Stored entries
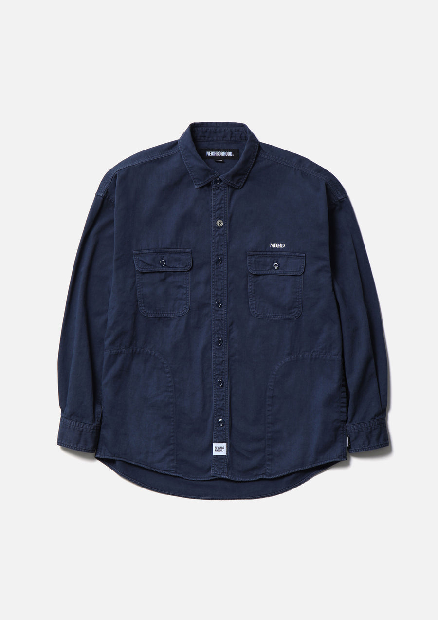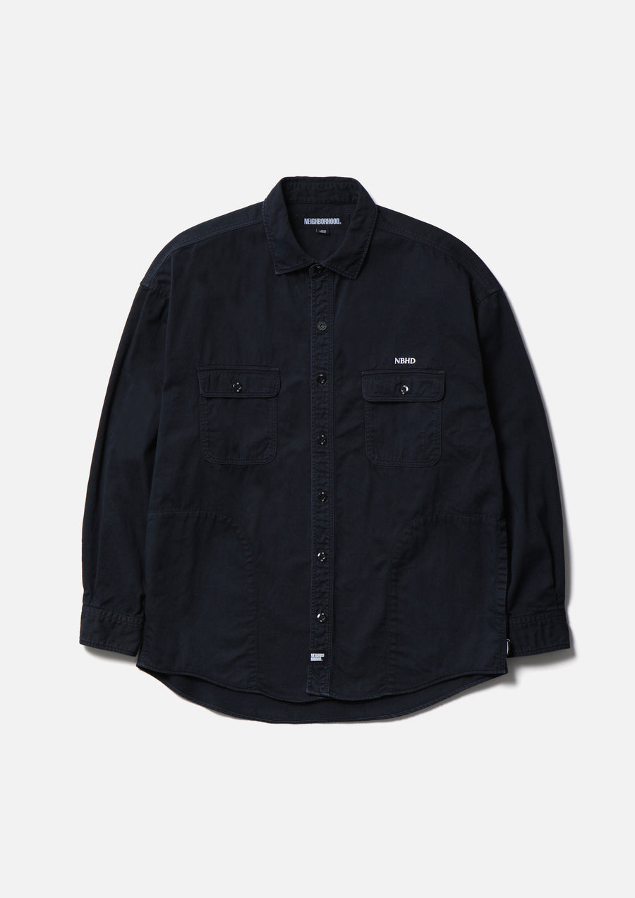 A sulfur-dyed shirt made of twill fabric with a unique texture, achieved through a combination of sulfur dyeing and bio-stone processing at the product stage. Hand pockets utilizing side details. Embroidered logo on the left chest. Features original four-hole buttons, with a original metal button for the second button. Features a brand tag on the placket and side seam.
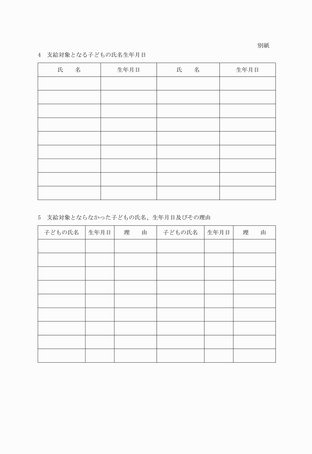 ウ 請求者が中学校修了前の子どもであった者である場合は、受給者台帳の支払金額欄に支払金額及び支払年月日を、備考欄に請求者の氏名及び住所を記入する。
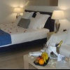 В отеле 136 номеров. ТИПЫ НОМЕРОВ: QUEEN'S MAISONETTE PP - 162м2, максимально 4 человека Двухэтажный номер. Состоит из 2 спален, гостиной, 2 ванных комнат, сауны, террасы с шезлонгами и выходом к частному бассейну. PRESTIGE SUITE - 105м2, максимально 2 человека. Состоит из спальни, гостиной, 2 ванных комнат, террасы с шезлонгами и зонтиками и выходом к частному бассейну с фронтальным видом на море. SEA FRONT PP SUITE - максимально 2 человека Состоит из спальни и гостиной открытого плана, ванной комнаты, террасы с шезлонгами и зонтиками и выходом к частному бассейну. PRIVATE POOL SUITE - 56м2, максимально 2 человека Состоит из спальни и гостиной открытого плана, ванной комнаты и террасы с выходом к частному бассейну. HONEYMOON SUITE - 89м2, максимально 2 человека. Состоит из спальни и гостиной открытого плана, ванной комнаты и террасы. SEAFRONT SUITE - 45м2, максимально 2 человека Состоит из спальни с зоной гостиной, ванной комнаты и террасы. PREMIUM SEA VIEW - 44м2, максимально 2 человека Состоит из спальни, ванной комнаты и террасы с видом на море. EXCLUSIVE GUESTROOM - максимально 2 человека Состоит из спальни с зоной гостиной, ванной комнаты и террасы. PRIVATE POOL SUITE SSV - максимально 2 человека Состоит из спальни и гостиной открытого плана, ванной комнаты, террасы с шезлонгами и зонтиками и выходом к частному бассейну. PRINCESS PP SEAFRONT SUITE - 56м2, максимально 2 человека. Состоит из спальни, гостиной, ванной комнаты и террасы с шезлонгами и зонтиками и выходом к частному бассейну. PRINCESS SEAFRONT GUESTROOM - 45м2, максимально 2 человека Состоит из спальни с зоной гостиной, ванной комнаты и террасы с шезлонгами и зонтиками и выходом к частному бассейну. DELUXE - максимально 2 человека Состоит из спальни с зоной гостиной, ванной комнаты и балкона с боковым видом на море. В НОМЕРЕ: кондиционер, сейф, халаты и тапочки, туалетные принадлежности, фен, набор для приготовления чая и кофе, телевизор, спутниковое ТВ, телефон, мини бар, WiFi(€).
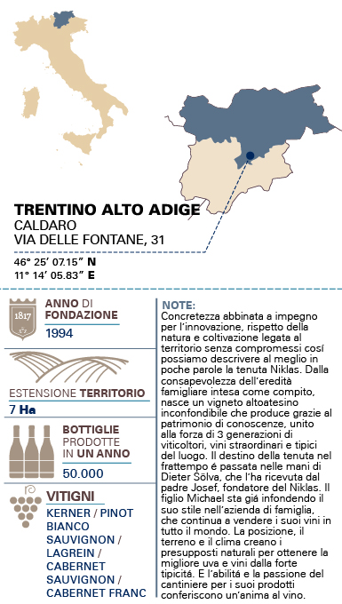 TIPOLOGIADOC Lago di Caldaro Classico Superiore ZONA PRODUTTIVACaldaro - Barleit, 400m s.l.m. VITIGNO100% Schiava TIPOLOGIA DEL TERRENOTerreno argilloso e ciottoli calcarei ETÀ DEI VIGNETIDa 30 a 40 anni VINIFICAZIONEDopo una breve macerazione a temperatura controllata, fermentazione a freddo in serbatoi di acciaio, e fermentazione ?nale a 18 °C. Fermentazione malolattica e affinamento in vasche d’acciaio. SISTEMA DI ALLEVAMENTOImpianto a pergola; viticoltura naturale integrata. COLORERosso rubino brillante. PROFUMOBouquet elegante e fruttato, con aromi di bacche rosse. ABBINAMENTICome vino classico dell‘Alto Adige, questo vino è adatto per quasi tutte le occasioni, perfetto abbinato a speck, salsicce e formaggi, antipasti estivi e piatti a base di pesce.
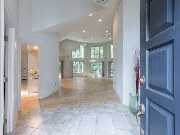Custom executive home in desirable Katherines Wood on the best wooded lot in the neighborhood! Open floor plan! Stunning entry has a 19' ceiling. The gorgeous great room has a 15' ceiling, wall of windows & floor-to-ceiling stone fireplace. Custom Jae Company cabinets in kitchen & great rm, vaulted 19' kitchen ceiling w/ sky windows. Lovely separate owners' wing has vaulted ceiling, fireplace, private deck. ensuite bath w/ spa tub & a steam shower, huge walk-in closet, FF office w/ separate entry perfect for wfh. Brick wine cellar w/ Fortin Iron Works gate, plus add. sqft in LL. New furnace 2016, 2 - HWT's 2014. Freshly painted. Refinished hardwood floors. Fridge and dishwasher new 2021. Screened porch. Private decks w/ woodland views. W/D convey. Quick 30 min commute to Intel. Location!
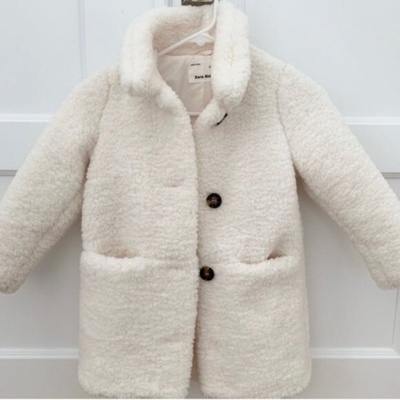 Keep your child cozy and stylish with this white teddy coat. Perfect for chilly days.

* PROBLEM STATEMENT: Every line above needs to be written out again as it stands. Pictures do not belong in the copy.

* ANSWER SECTION:
 A sulfur-dyed shirt made of twill fabric with a unique texture, achieved through a combination of sulfur dyeing and bio-stone processing at the product stage. Hand pockets utilizing side details. Embroidered logo on the left chest. Features original four-hole buttons, with a original metal button for the second button. Features a brand tag on the placket and side seam.
 ウ 請求者が中学校修了前の子どもであった者である場合は、受給者台帳の支払金額欄に支払金額及び支払年月日を、備考欄に請求者の氏名及び住所を記入する。
 В отеле 136 номеров. ТИПЫ НОМЕРОВ: QUEEN'S MAISONETTE PP - 162м2, максимально 4 человека Двухэтажный номер. Состоит из 2 спален, гостиной, 2 ванных комнат, сауны, террасы с шезлонгами и выходом к частному бассейну. PRESTIGE SUITE - 105м2, максимально 2 человека. Состоит из спальни, гостиной, 2 ванных комнат, террасы с шезлонгами и зонтиками и выходом к частному бассейну с фронтальным видом на море. SEA FRONT PP SUITE - максимально 2 человека Состоит из спальни и гостиной открытого плана, ванной комнаты, террасы с шезлонгами и зонтиками и выходом к частному бассейну. PRIVATE POOL SUITE - 56м2, максимально 2 человека Состоит из спальни и гостиной открытого плана, ванной комнаты и террасы с выходом к частному бассейну. HONEYMOON SUITE - 89м2, максимально 2 человека. Состоит из спальни и гостиной открытого плана, ванной комнаты и террасы. SEAFRONT SUITE - 45м2, максимально 2 человека Состоит из спальни с зоной гостиной, ванной комнаты и террасы. PREMIUM SEA VIEW - 44м2, максимально 2 человека Состоит из спальни, ванной комнаты и террасы с видом на море. EXCLUSIVE GUESTROOM - максимально 2 человека Состоит из спальни с зоной гостиной, ванной комнаты и террасы. PRIVATE POOL SUITE SSV - максимально 2 человека Состоит из спальни и гостиной открытого плана, ванной комнаты, террасы с шезлонгами и зонтиками и выходом к частному бассейну. PRINCESS PP SEAFRONT SUITE - 56м2, максимально 2 человека. Состоит из спальни, гостиной, ванной комнаты и террасы с шезлонгами и зонтиками и выходом к частному бассейну. PRINCESS SEAFRONT GUESTROOM - 45м2, максимально 2 человека Состоит из спальни с зоной гостиной, ванной комнаты и террасы с шезлонгами и зонтиками и выходом к частному бассейну. DELUXE - максимально 2 человека Состоит из спальни с зоной гостиной, ванной комнаты и балкона с боковым видом на море. В НОМЕРЕ: кондиционер, сейф, халаты и тапочки, туалетные принадлежности, фен, набор для приготовления чая и кофе, телевизор, спутниковое ТВ, телефон, мини бар, WiFi(€).
 TIPOLOGIADOC Lago di Caldaro Classico Superiore ZONA PRODUTTIVACaldaro - Barleit, 400m s.l.m. VITIGNO100% Schiava TIPOLOGIA DEL TERRENOTerreno argilloso e ciottoli calcarei ETÀ DEI VIGNETIDa 30 a 40 anni VINIFICAZIONEDopo una breve macerazione a temperatura controllata, fermentazione a freddo in serbatoi di acciaio, e fermentazione ?nale a 18 °C. Fermentazione malolattica e affinamento in vasche d’acciaio. SISTEMA DI ALLEVAMENTOImpianto a pergola; viticoltura naturale integrata. COLORERosso rubino brillante. PROFUMOBouquet elegante e fruttato, con aromi di bacche rosse. ABBINAMENTICome vino classico dell‘Alto Adige, questo vino è adatto per quasi tutte le occasioni, perfetto abbinato a speck, salsicce e formaggi, antipasti estivi e piatti a base di pesce.
Custom executive home in desirable Katherines Wood on the best wooded lot in the neighborhood! Open floor plan! Stunning entry has a 19' ceiling. The gorgeous great room has a 15' ceiling, wall of windows & floor-to-ceiling stone fireplace. Custom Jae Company cabinets in kitchen & great rm, vaulted 19' kitchen ceiling w/ sky windows. Lovely separate owners' wing has vaulted ceiling, fireplace, private deck. ensuite bath w/ spa tub & a steam shower, huge walk-in closet, FF office w/ separate entry perfect for wfh. Brick wine cellar w/ Fortin Iron Works gate, plus add. sqft in LL. New furnace 2016, 2 - HWT's 2014. Freshly painted. Refinished hardwood floors. Fridge and dishwasher new 2021. Screened porch. Private decks w/ woodland views. W/D convey. Quick 30 min commute to Intel. Location!
 Keep your child cozy and stylish with this white teddy coat. Perfect for chilly days.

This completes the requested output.